Una roccia di pietra pomice

Una roccia di pietra pomice

  • di Redazione
  • 29 Gennaio 2021
  • Di sole, di ombre, di Mari

Ritorna l'appuntamento bisettimanale con la rubrica curata da Marisa Guidetti che ci racconta un delicato momento dovuto alle terapie

"Sei una roccia!" Me lo disse per la prima volta mia cognata e commentai "Si, sono una roccia di pietra pomice. Ottima per una pedicure". Una mia amica, qualche volta, mi chiama "diamante". Le rispondo con l’emoji di un sorriso e sottolineo "l’importante è che sia certificato ed etico". Faccio volontariato per i piccoli prematuri delle terapie intensive neonatali che vengono definiti "piccoli guerrieri". Talvolta mi chiamano "la grande guerriera che lavora per i piccoli guerrieri". Sapere che ci sono scriccioli di meno di un chilo che combattono per la loro sopravvivenza è stato più di una volta uno stimolo per me. Se combattono loro allora a maggior ragione lo faccio io. Ma i cappellini e i turbanti con cui ho coperto la testa pelata non sono elmi e i ferri circolari con cui faccio i lavori per i piccoli, non sono lance.
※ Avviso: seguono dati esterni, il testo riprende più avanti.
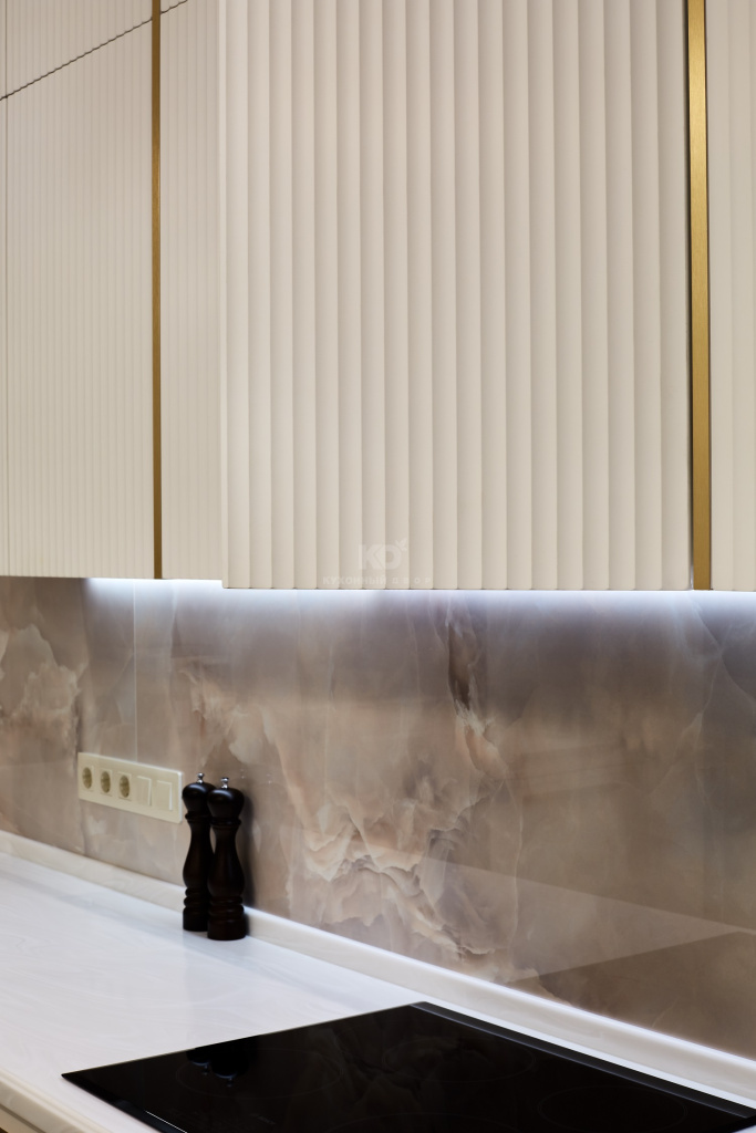 Особое внимание стоит уделить фасадам «Джейн». Они созданы из МДФ с покрытием «Regen Skin», способным самовосстанавливаться после мелких царапин. Покрытие обладает приятной «бархатистой» текстурой и высокоустойчиво к загрязнениям. Прикасаться к поверхностям этой кухни – особое удовольствие, и наиболее яркие тактильные ощущения дарят фасады верхнего яруса в центральной зоне. Они имеют эксклюзивную вертикальную фрезеровку, за которую «Джейн Вертикаль» и получила своё имя.
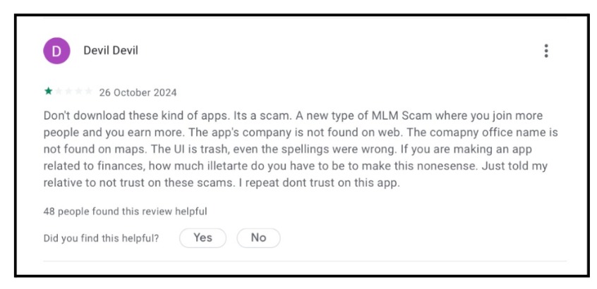 People have also noticed that this app has no web presence, no office on maps, poor grammar, and an MLM (referral) structure. This seems more like a fly-by-night scam. Real financial institutions spend millions on professional interfaces.
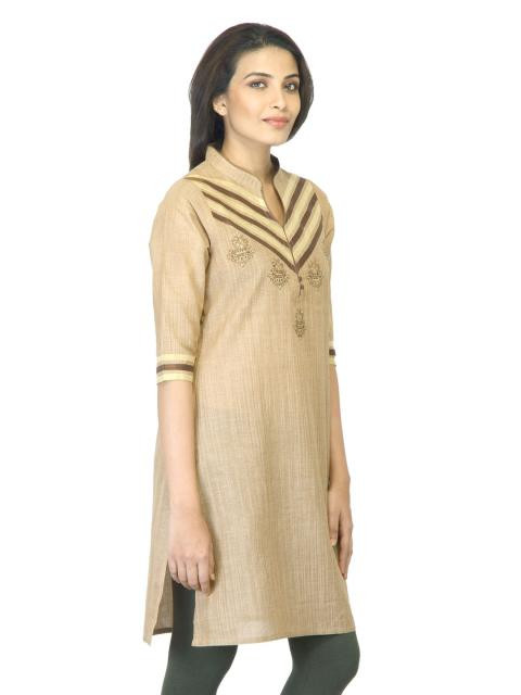 Two tone brownish beige kurta made of 100% cotton, has a mandarin collar with a split neckline, three quarter sleeves, tape detail, button detail and embroidery on the chest and a vented hem
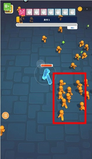 要是敌人把果冻人围住了,一发生碰撞就会让血量下降。所以得一直保持警觉,别让敌人把自己包围了。

Non mi ritengo assolutamente speciale, tutt’altro. Semplicemente penso che ci siano due modi di agire: bene e male. E penso che se si agisce al meglio delle proprie possibilità allora si agisce bene e va bene anche se si sbaglia. Io cerco di agire bene. Purtroppo, spesso, a discapito di me stessa, ma questo è un mio limite. Quando mia cognata mi disse che ero una roccia, eravamo da lei nelle Marche. Mi avevano diagnosticato la prima recidiva ed avevo già fatto la prima seduta di chemioterapia. La seconda l’avrei avuta ventotto giorni dopo e, in quell’intervallo di tempo, andammo a trovare il fratello di mio marito, che vive nella campagna marchigiana con la famiglia. Non era decisamente il momento opportuno per viaggiare. Infatti mi ritrovai dopo pochi giorni con la febbre a 39,5° e passai ferragosto a letto contattando medico e oncologi via mail per avere indicazioni sulla terapia… Ma quel viaggio, dopo la notizia della recidiva, serviva sia a me che a mio marito.

Non avevo detto a mia madre che avevo ricominciato la chemio e non le dissi nemmeno che mi ero ammalata in viaggio. La chiamavo raccontandole del trattore che avevo guidato, dei quattro nipoti che erano uno spasso e delle tagliatelle della nonna. Le dicevo che stavo passeggiando nell’orto quando invece ero a letto imbottita di antibiotici e tachipirina. Mia madre in quei giorni si sentiva molto sola ed io facevo quello che potevo, nelle mie condizioni, per farla stare il più possibile tranquilla. Il giorno prima della partenza dalle Marche, trovai nel cuscino alcuni capelli. Ecco qui, stavano cominciando a cadere. Nel giro di pochi giorni sarei stata una palla da biliardo.

Non toccai i capelli per due giorni, il tempo di farmi vedere da mia madre e dirle che avevo ricominciato la chemio. Le raccontai che quando avevo finito la prima sapevo già che l’avrei dovuta ripetere, ma non le avevo detto nulla per non farla preoccupare. Mamma, ormai ultra ottantenne, non non so quanto capì o quanto ci credette. Rientrata a casa ficcai la testa sotto l’acqua tiepida e cominciai a massaggiare e far cadere i capelli. Non ci volle molto per somigliare a Smigol. Ecco, in quell’occasione mi sarei potuta sentire una roccia. Ma chemio o non chemio, non è ovvio non far preoccupare una madre anziana? Credo di aver agito bene. Non in modo speciale, semplicemente bene.